Hannah Arendt escandalizó en la década de los sesenta a la intelectualidad de la época tras la publicación de Eichmann en Jerusalén, ensayo sobre el juicio al criminal nazi, al burócrata que sin tener responsabilidades “políticas”, se encargaba de gestionar el traslado a los campos de concentración. Hombre culto, lector de Kant, que no entendía por qué se le responsabilizaba a él, cuando no hacía más que cumplir con las leyes y con la legitimad del sistema del que era servidor público. Pero ahí estaba la clave, claro, la “normalidad” con la que la sociedad y los servidores públicos habían asumido un sistema perverso, podrido, que alimentaba y promovía los peores instintos del ser humano. La banalidad del mal no es otra cosa que la banalidad del individuo partícipe imprescindible de ese mecanismo, no como motor, pero sí como engranaje necesario. Libre de responsabilidad ética y moral, al fin y al cabo él era uno más. No tomaba decisiones más que burocráticas, cumplía órdenes. La banalidad del mal que rechaza presentarnos a Eichmann como un monstruo, al fin y al cabo, era un hombre “normal”, que tan solo intentaba ser eficaz en su trabajo.
Que se me perdone la exageración de la comparación, no tiene nada que ver ni cualitativa ni cuantitativamente la delicada salud de nuestro sistema democrático y de derecho, con la burla que del mismo hizo el criminal sistema de gobierno nazi. Pero sí hay una metáfora a mi juicio extrapolable. Y es hasta qué punto el ciudadano común, el servidor público común, el político común, que no es “malo” por naturaleza, se ciega ante la corrupción; o bien la comete al verla como algo normalizado en el entorno o bien decide cerrar los ojos y actuar como si no fuera asunto suyo, al no sentirse responsable último. Quizá porque durante años nadie parecía darle importancia a pequeños “atajos” que cada vez iban a más, quizá porque los responsables últimos consideraron que era preferible no “tocar” a quien les garantizaba mayor cuota de poder institucional debido a su popularidad por algo “insignificante”. Quizá porque casi ningún ciudadano prefirió preguntarse por esas “pequeñas” cuestiones o rumores de corrupción o “atajos” ante las políticas para la “mayoría”.

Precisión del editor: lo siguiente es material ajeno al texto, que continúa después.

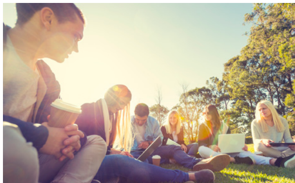
Enjoy free WiFi in more locations around Cockburn

For more information, visit cockburn.wa.gov.au/wifi
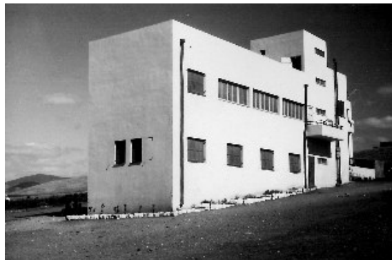
Kvutzah Daganah
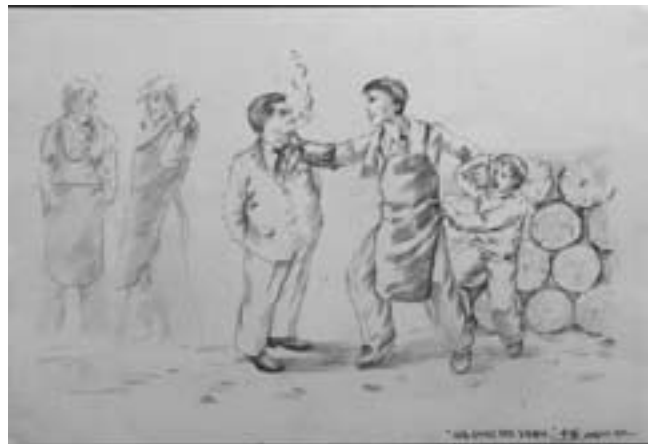
“Working like a dog and receiving little pay. There’s nobody to whom I can appeal.” (China)

Articles 1 and 33 together make clear that a state party to the Convention cannot send a refugee back to a place where he or she would likely be persecuted. Implicit in the Convention—the strict Article 33 prohibition read together with the multi-pronged Article 1 refugee definition—is a requirement that states take appropriate steps to determine whether an individual is a refugee before sending him or her back to possible persecution. The Convention itself is silent on the type of refugee identification procedures that will suffice.
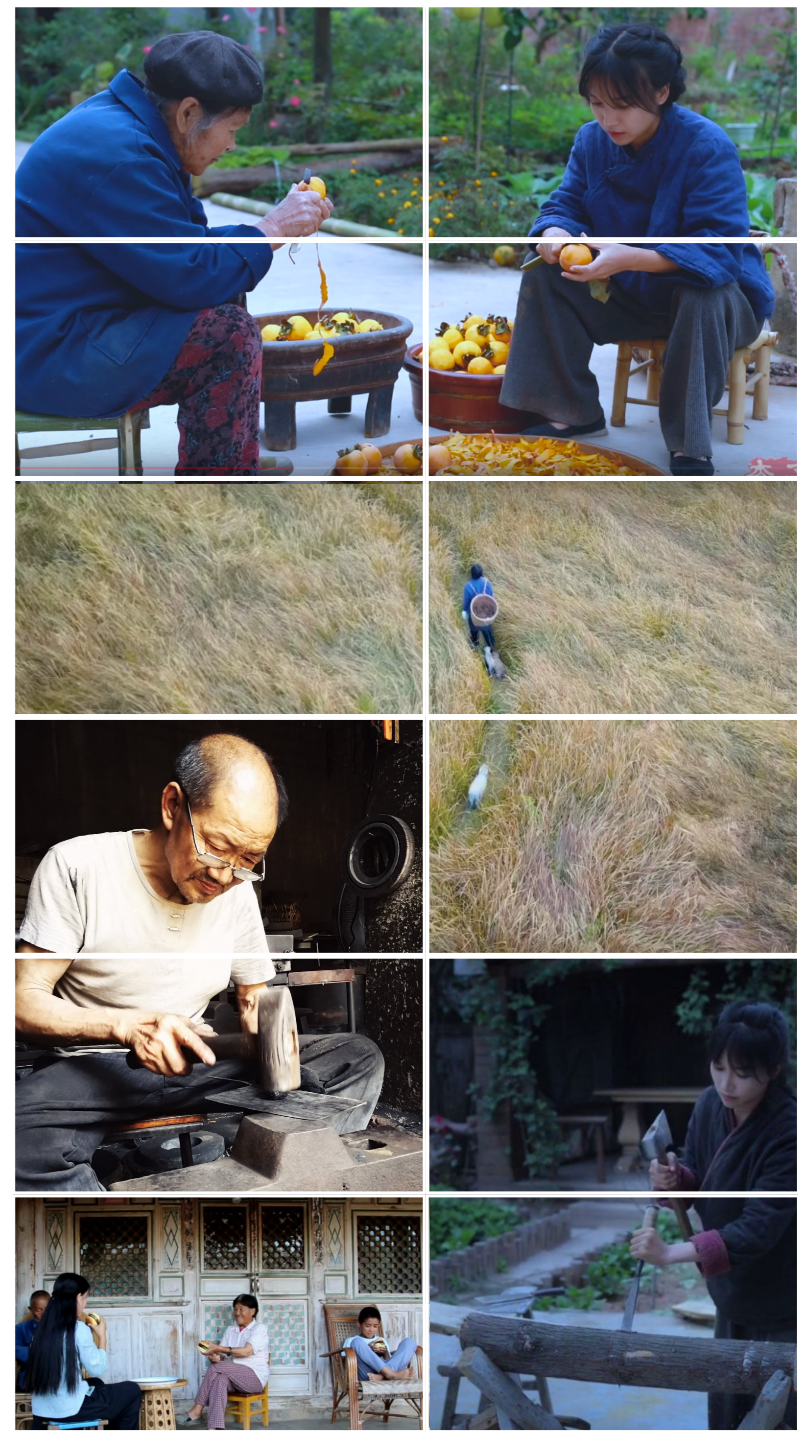
Figure 2. Rural lifestyle scenes

3. PRESERVE AND PROMOTE DISTINCTIVE RURAL IDENTITY
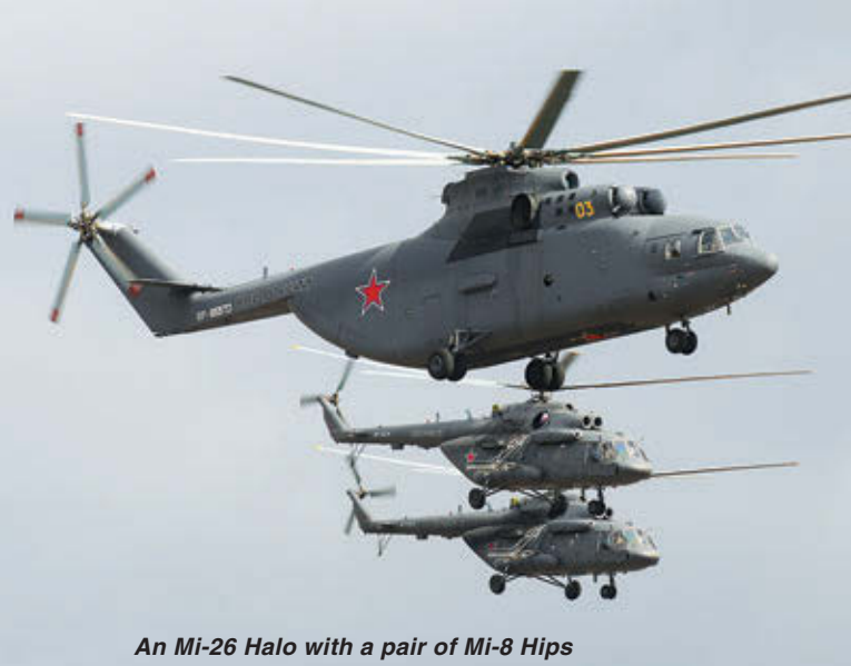
An Mi-26 Halo with a pair of Mi-8 Hips
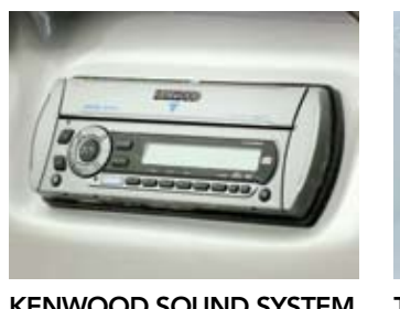
KENWOOD SOUND SYSTEM An optional waterproof Kenwood CD player with 4 speakers is available on all SeaHawk models. TILT STEERING WHEEL For added comfort and convenience, tilt steering is standard on all models.
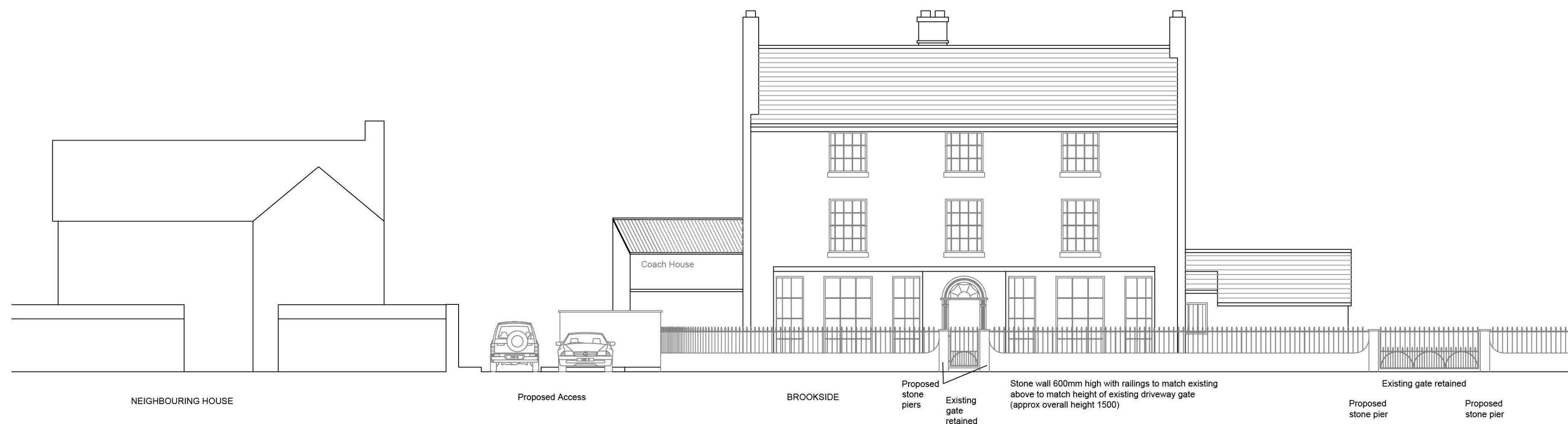
PROPOSED STREET ELEVATION 1:100

Project: proposed residential development at Brookside, Whitchurch.
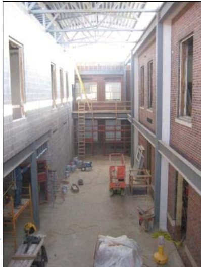
New Media Center from 2 nd Fl.
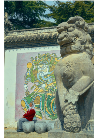
Woodblock printing is popular in Zhuxian Town

¿Hubieran sido posibles tantos y tan graves casos de corrupción si algo en nuestro sistema no hubiera permitido esto? ¿Si nuestra sociedad no hubiera en muchos casos cerrado los ojos hasta que la gravedad de una crisis económica no nos hubiera llevado al límite? No dudo que entre los corruptos haya gente “mala”, predispuesta a la corrupción, pero tengo la inquietante sensación que ha habido más de una persona “común” que perdió su normalidad ética ante un sistema que cerraba los ojos. Culpables o cómplices del silencio.
Y no cabe duda que ese es el gran reto que nuestra sociedad tiene que plantearse, que los partidos políticos o los movimientos ciudadanos han de replantearse. Que todos, políticos o no, aceptemos que la política ha de ser la más digna de nuestras ocupaciones. Y que eso implica un esfuerzo de transparencia y control democrático en los sistemas de los partidos políticos, en los sistemas institucionales que estos gestionan. Hemos de dignificar los sistemas dignificando a las personas que de ellos participan, los engranajes de un sistema son esenciales, pues es lo que dota de legitimidad a un sistema democrático y permite su máxima expresión a través de la exigencia de un comportamiento inequívocamente ético.
Como decía Hannah Arendt “En realidad una de las lecciones que nos dio el proceso de Jerusalén fue que tal alejamiento de la realidad y tal irreflexión pueden causar más daño que todos los malos instintos inherentes quizá a la naturaleza humana.”